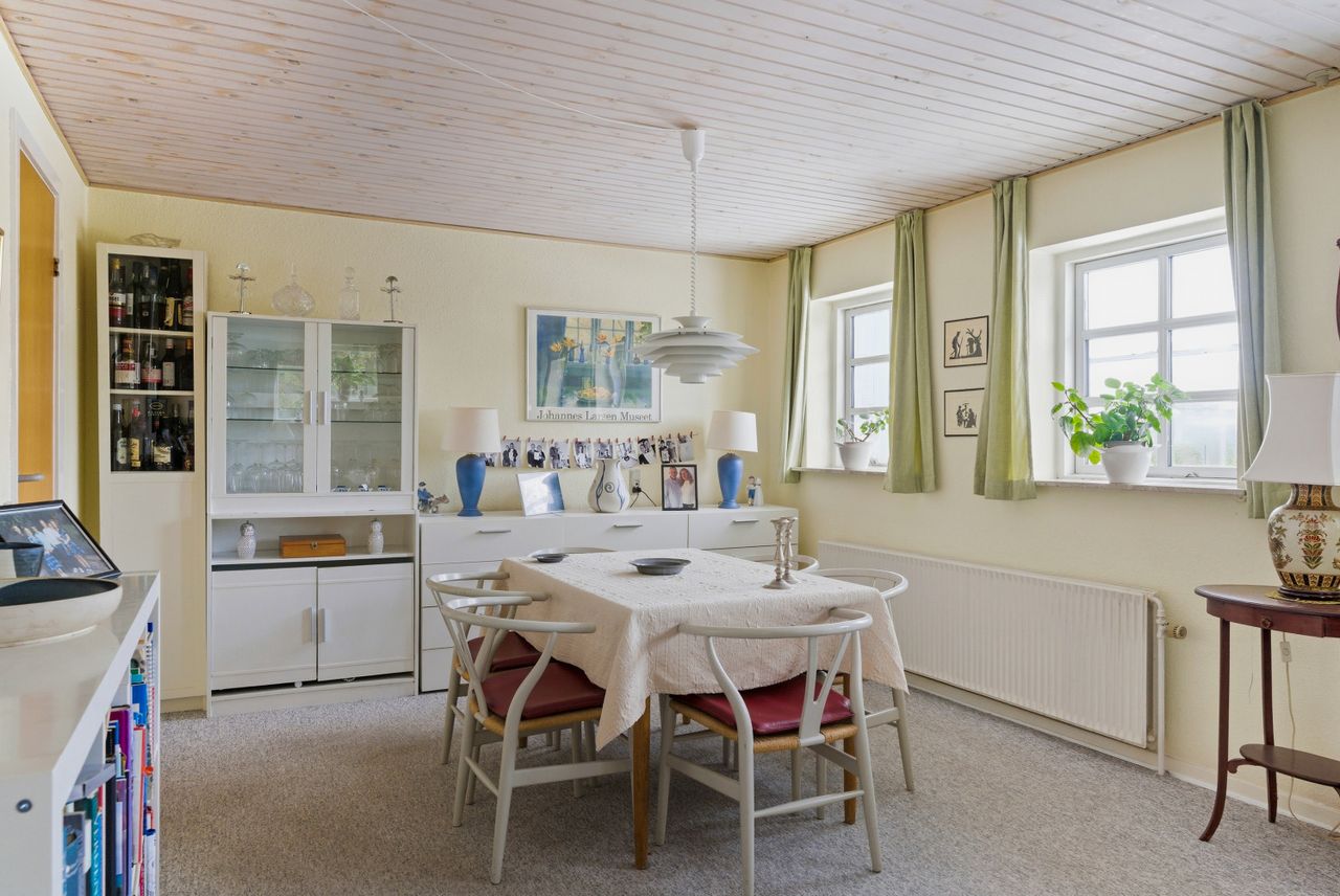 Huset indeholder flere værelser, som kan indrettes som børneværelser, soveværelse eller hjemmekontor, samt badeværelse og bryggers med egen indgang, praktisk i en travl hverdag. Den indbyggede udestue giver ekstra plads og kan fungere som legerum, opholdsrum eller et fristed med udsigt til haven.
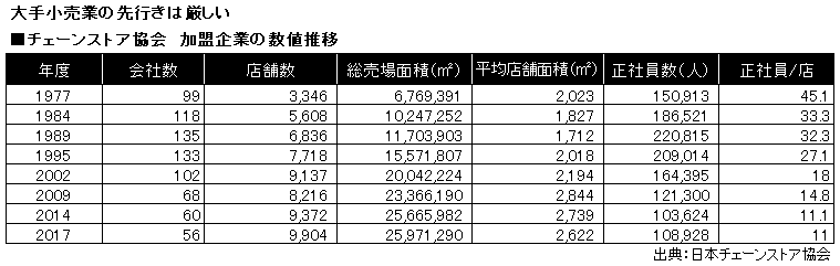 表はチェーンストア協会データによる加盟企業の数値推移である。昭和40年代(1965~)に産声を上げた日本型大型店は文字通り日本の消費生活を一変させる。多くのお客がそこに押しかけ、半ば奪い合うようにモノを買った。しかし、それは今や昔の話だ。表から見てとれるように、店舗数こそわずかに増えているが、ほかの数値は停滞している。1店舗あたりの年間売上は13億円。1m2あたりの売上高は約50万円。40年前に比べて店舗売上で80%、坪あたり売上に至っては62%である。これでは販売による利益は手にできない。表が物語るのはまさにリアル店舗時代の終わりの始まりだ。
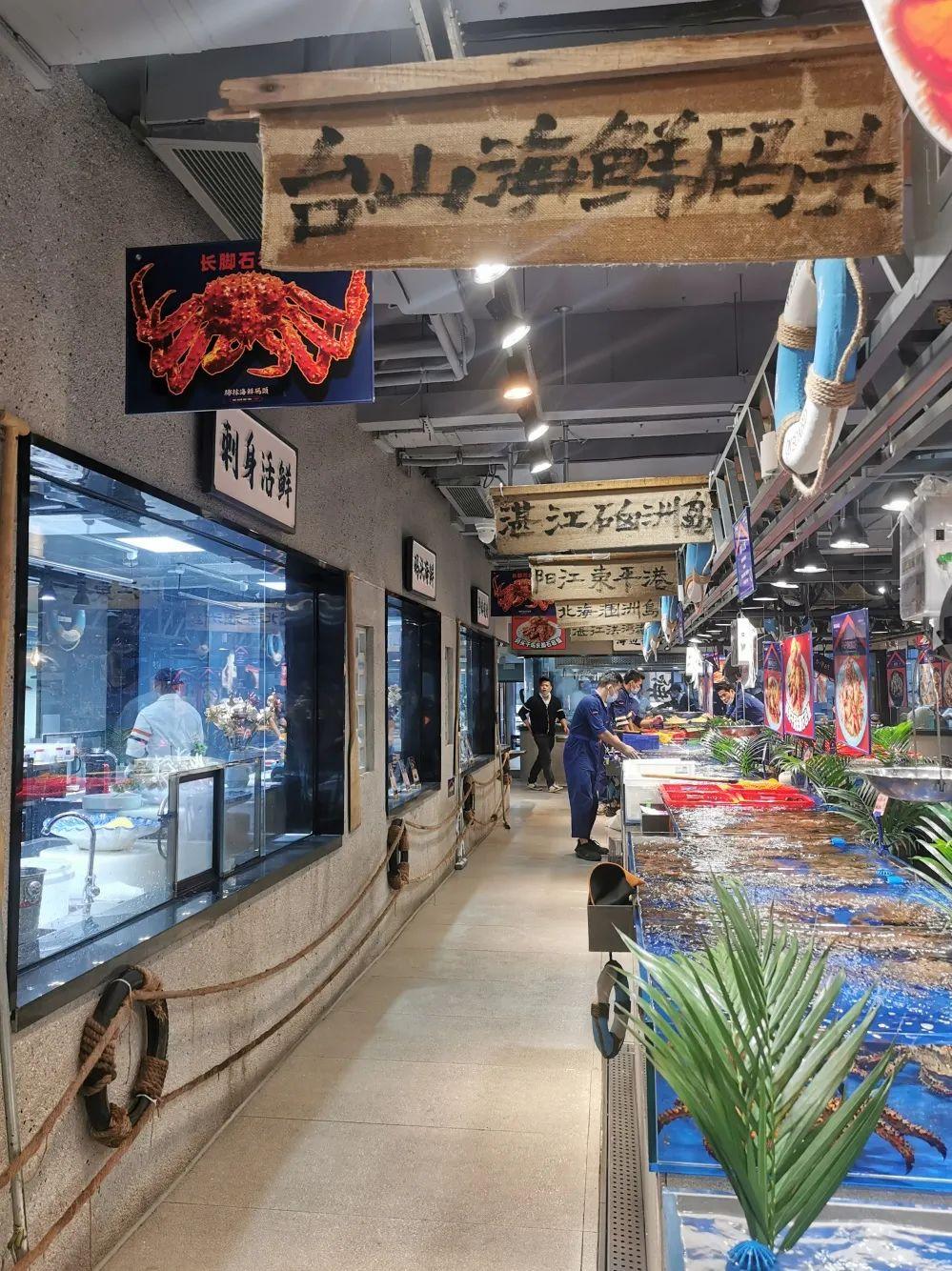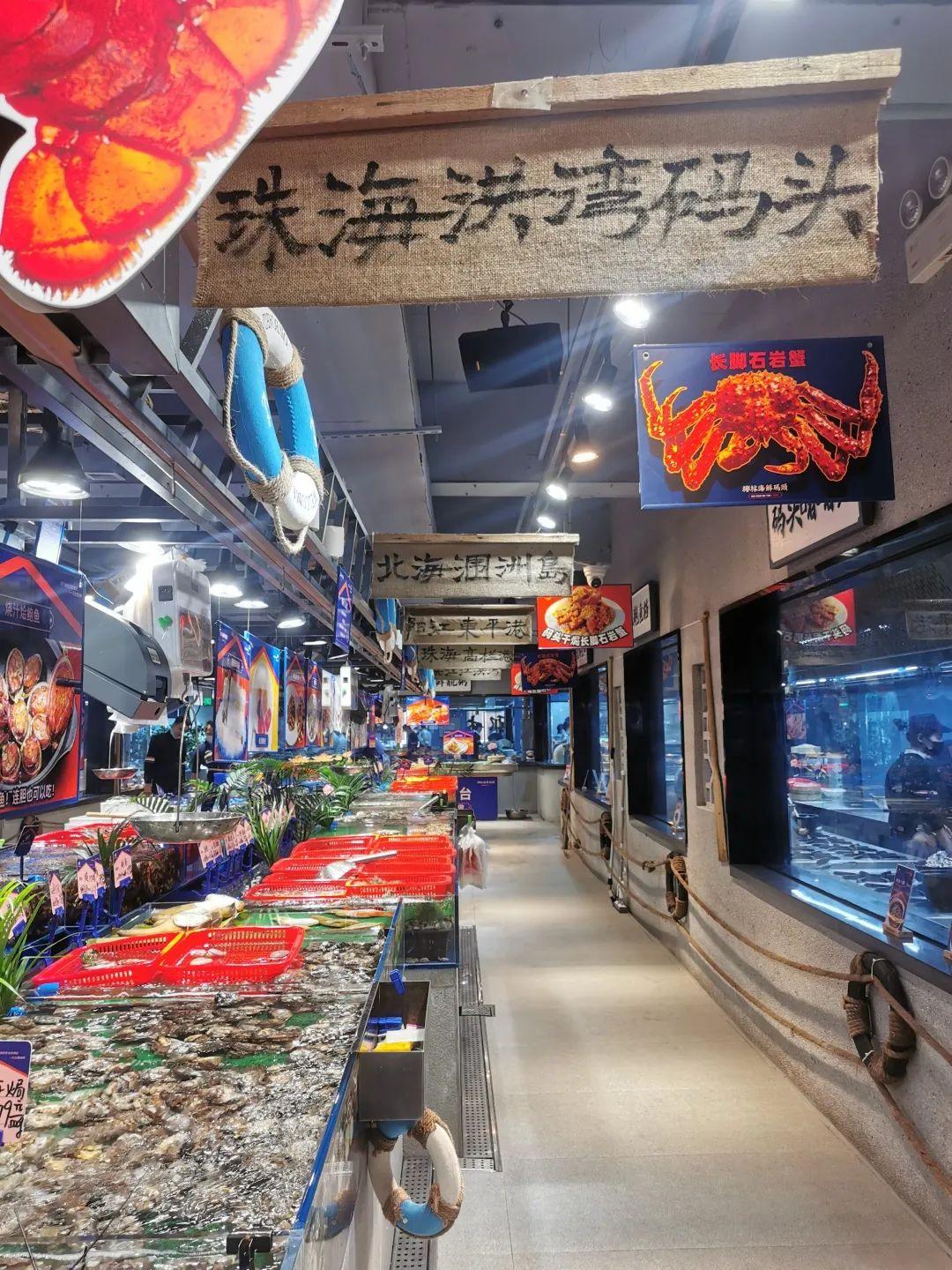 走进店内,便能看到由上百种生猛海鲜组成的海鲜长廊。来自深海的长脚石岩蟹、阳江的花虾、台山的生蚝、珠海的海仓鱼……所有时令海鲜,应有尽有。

+ + + +

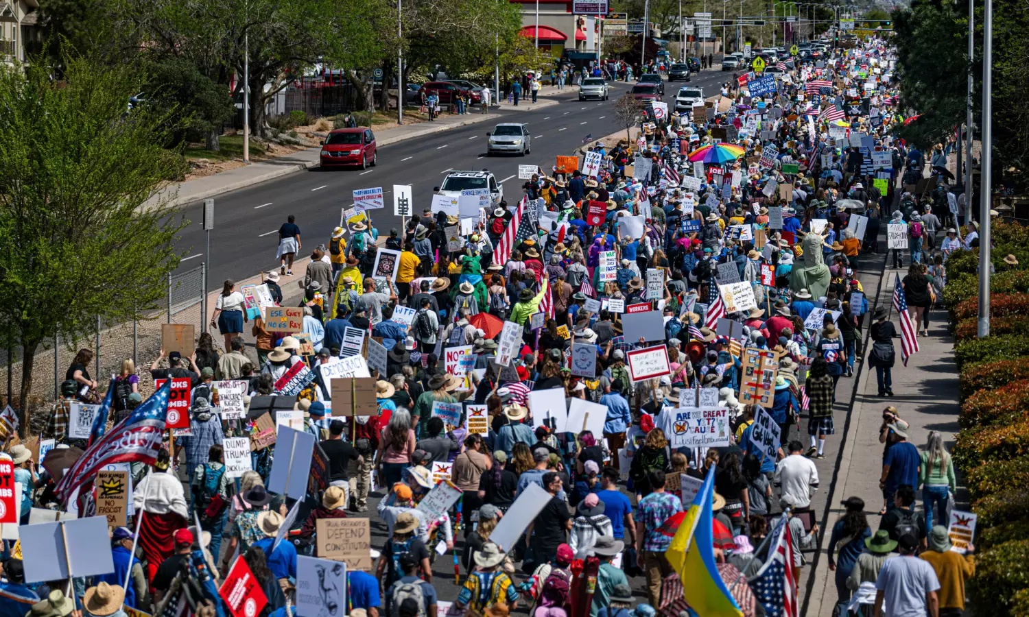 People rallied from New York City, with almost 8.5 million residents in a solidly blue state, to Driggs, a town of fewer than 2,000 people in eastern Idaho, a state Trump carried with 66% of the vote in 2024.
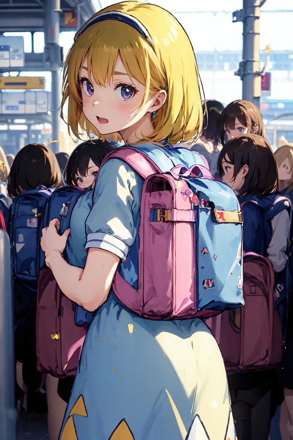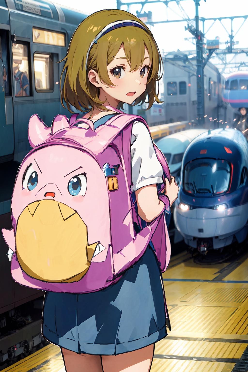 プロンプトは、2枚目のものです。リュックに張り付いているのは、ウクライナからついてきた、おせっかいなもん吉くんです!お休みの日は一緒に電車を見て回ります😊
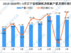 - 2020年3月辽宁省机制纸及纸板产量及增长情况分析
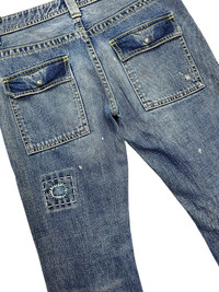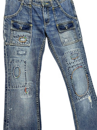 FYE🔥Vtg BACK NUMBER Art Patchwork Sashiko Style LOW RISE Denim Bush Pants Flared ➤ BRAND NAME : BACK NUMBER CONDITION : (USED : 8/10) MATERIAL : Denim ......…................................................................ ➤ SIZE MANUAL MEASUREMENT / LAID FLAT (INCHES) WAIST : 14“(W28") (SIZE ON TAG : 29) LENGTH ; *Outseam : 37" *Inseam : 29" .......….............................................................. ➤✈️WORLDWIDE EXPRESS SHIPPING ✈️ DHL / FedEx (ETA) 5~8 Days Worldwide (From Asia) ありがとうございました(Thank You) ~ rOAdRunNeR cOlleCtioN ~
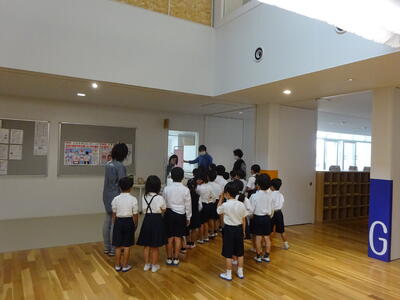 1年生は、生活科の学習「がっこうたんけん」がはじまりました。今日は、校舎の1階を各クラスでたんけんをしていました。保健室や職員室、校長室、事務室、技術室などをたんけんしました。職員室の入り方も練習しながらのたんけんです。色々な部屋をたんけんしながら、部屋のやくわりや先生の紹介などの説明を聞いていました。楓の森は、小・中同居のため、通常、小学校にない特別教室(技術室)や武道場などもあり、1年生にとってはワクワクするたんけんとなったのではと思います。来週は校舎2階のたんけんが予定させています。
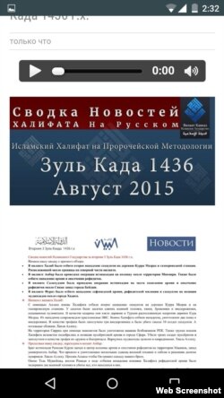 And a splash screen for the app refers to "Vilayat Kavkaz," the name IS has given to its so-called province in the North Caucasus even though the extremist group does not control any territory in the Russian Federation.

+ + + +

=== WHAT IS NEEDED ===
Every line above between the one containing "FYE🔥Vtg BACK NUMBER" and the one containing "And a splash", those two included, is to be printed exactly. No pictures go into the copy.

=== TASK ANSWER ===
 FYE🔥Vtg BACK NUMBER Art Patchwork Sashiko Style LOW RISE Denim Bush Pants Flared ➤ BRAND NAME : BACK NUMBER CONDITION : (USED : 8/10) MATERIAL : Denim ......…................................................................ ➤ SIZE MANUAL MEASUREMENT / LAID FLAT (INCHES) WAIST : 14“(W28") (SIZE ON TAG : 29) LENGTH ; *Outseam : 37" *Inseam : 29" .......….............................................................. ➤✈️WORLDWIDE EXPRESS SHIPPING ✈️ DHL / FedEx (ETA) 5~8 Days Worldwide (From Asia) ありがとうございました(Thank You) ~ rOAdRunNeR cOlleCtioN ~
 1年生は、生活科の学習「がっこうたんけん」がはじまりました。今日は、校舎の1階を各クラスでたんけんをしていました。保健室や職員室、校長室、事務室、技術室などをたんけんしました。職員室の入り方も練習しながらのたんけんです。色々な部屋をたんけんしながら、部屋のやくわりや先生の紹介などの説明を聞いていました。楓の森は、小・中同居のため、通常、小学校にない特別教室(技術室)や武道場などもあり、1年生にとってはワクワクするたんけんとなったのではと思います。来週は校舎2階のたんけんが予定させています。
 And a splash screen for the app refers to "Vilayat Kavkaz," the name IS has given to its so-called province in the North Caucasus even though the extremist group does not control any territory in the Russian Federation.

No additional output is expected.